EXERCISE MATERIALS:
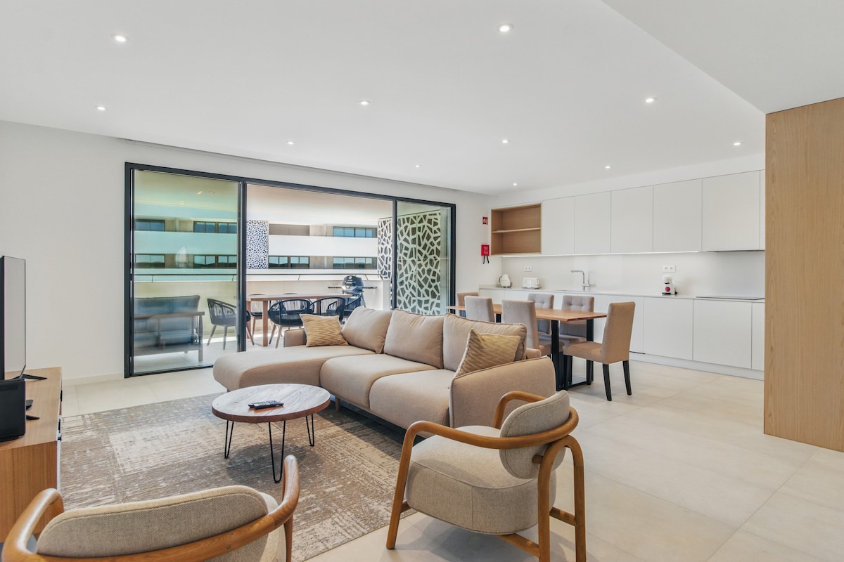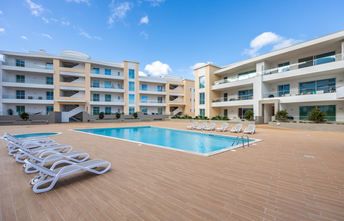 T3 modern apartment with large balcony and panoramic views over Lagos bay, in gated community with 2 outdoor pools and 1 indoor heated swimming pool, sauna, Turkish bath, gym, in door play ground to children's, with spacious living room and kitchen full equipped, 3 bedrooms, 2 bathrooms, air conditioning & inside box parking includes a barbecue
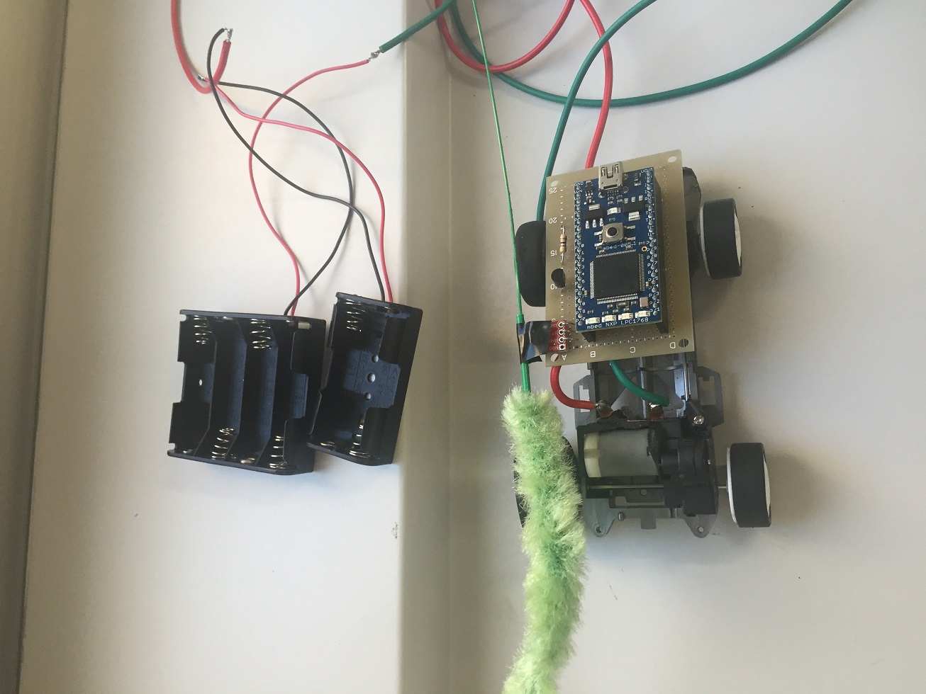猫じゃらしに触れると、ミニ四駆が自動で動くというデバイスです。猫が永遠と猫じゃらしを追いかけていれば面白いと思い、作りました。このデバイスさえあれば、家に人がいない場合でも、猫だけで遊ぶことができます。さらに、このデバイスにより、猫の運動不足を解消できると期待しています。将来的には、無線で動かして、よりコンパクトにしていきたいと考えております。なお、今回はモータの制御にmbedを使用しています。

---

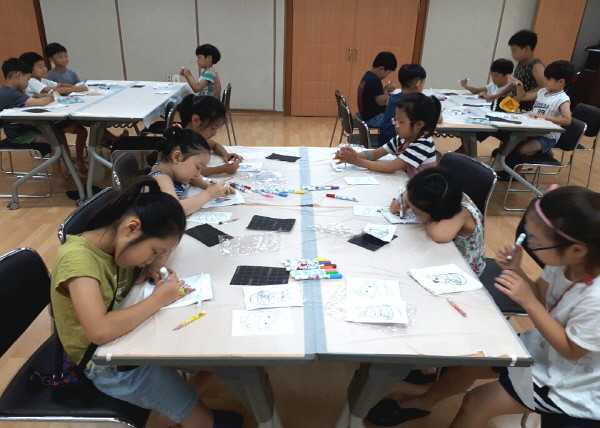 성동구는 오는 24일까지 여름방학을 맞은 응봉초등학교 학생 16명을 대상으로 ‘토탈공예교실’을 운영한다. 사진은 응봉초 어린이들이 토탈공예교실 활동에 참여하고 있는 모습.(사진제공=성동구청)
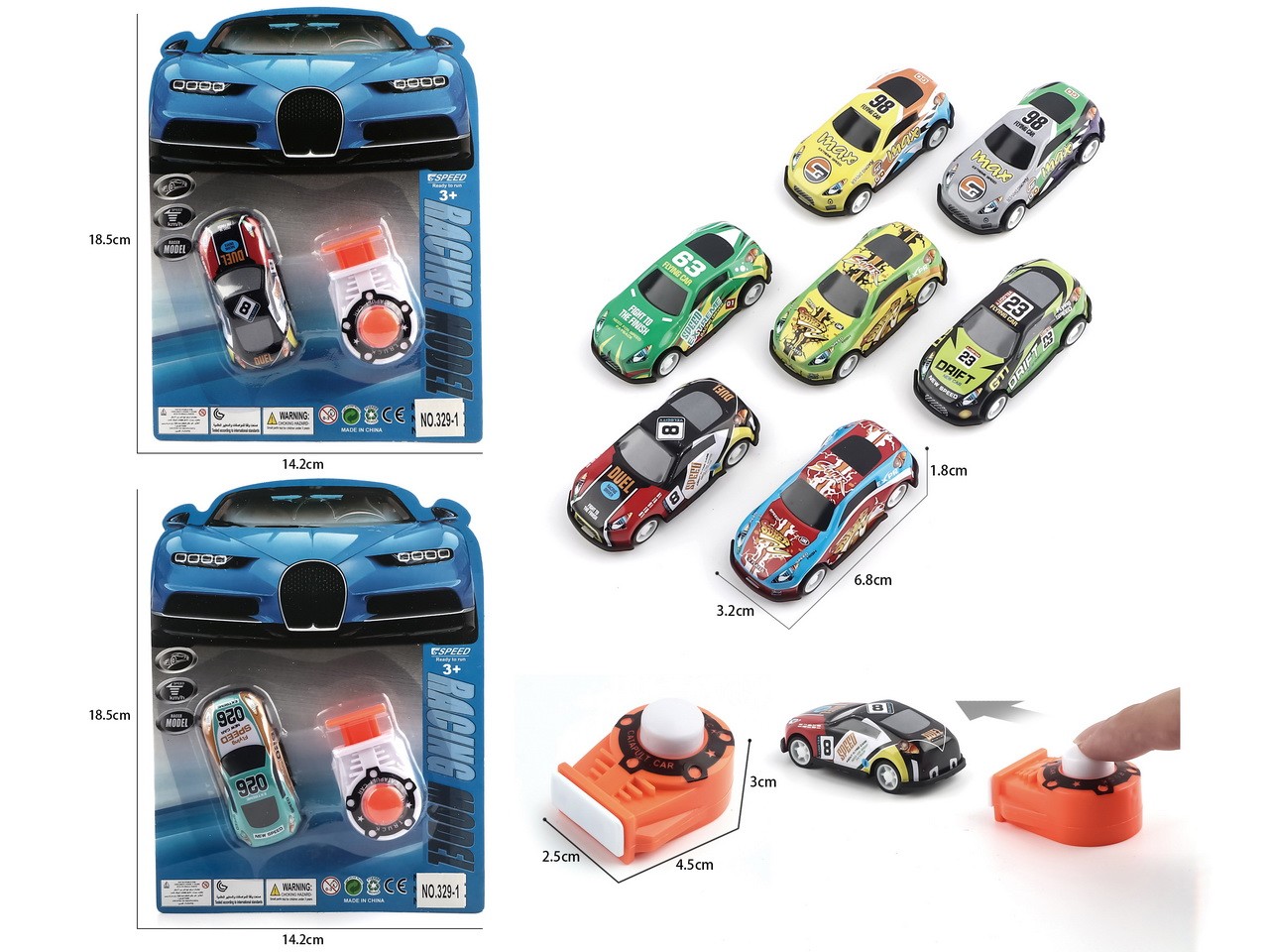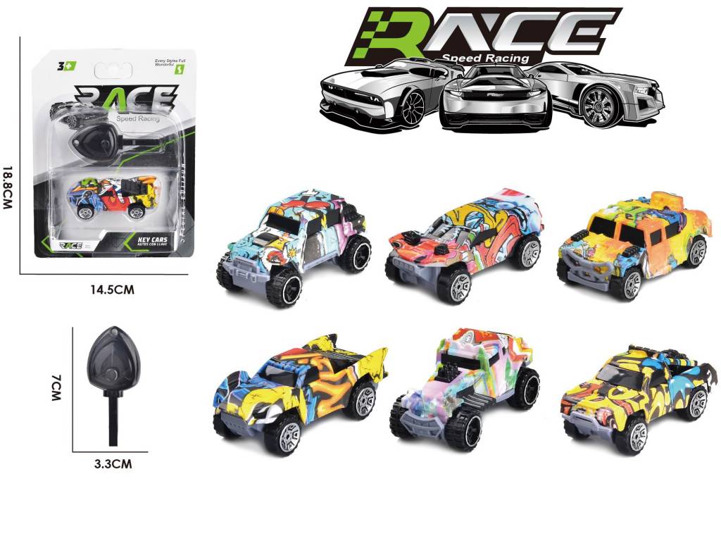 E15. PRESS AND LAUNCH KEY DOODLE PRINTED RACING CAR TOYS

WORK TASK: In the listing above, find the line with "T3 modern apartment" and output it and every line after it up to and including the line with "猫じゃらしに触れると、ミニ四", exactly, minus the pictures.

OUTPUT:
 T3 modern apartment with large balcony and panoramic views over Lagos bay, in gated community with 2 outdoor pools and 1 indoor heated swimming pool, sauna, Turkish bath, gym, in door play ground to children's, with spacious living room and kitchen full equipped, 3 bedrooms, 2 bathrooms, air conditioning & inside box parking includes a barbecue
猫じゃらしに触れると、ミニ四駆が自動で動くというデバイスです。猫が永遠と猫じゃらしを追いかけていれば面白いと思い、作りました。このデバイスさえあれば、家に人がいない場合でも、猫だけで遊ぶことができます。さらに、このデバイスにより、猫の運動不足を解消できると期待しています。将来的には、無線で動かして、よりコンパクトにしていきたいと考えております。なお、今回はモータの制御にmbedを使用しています。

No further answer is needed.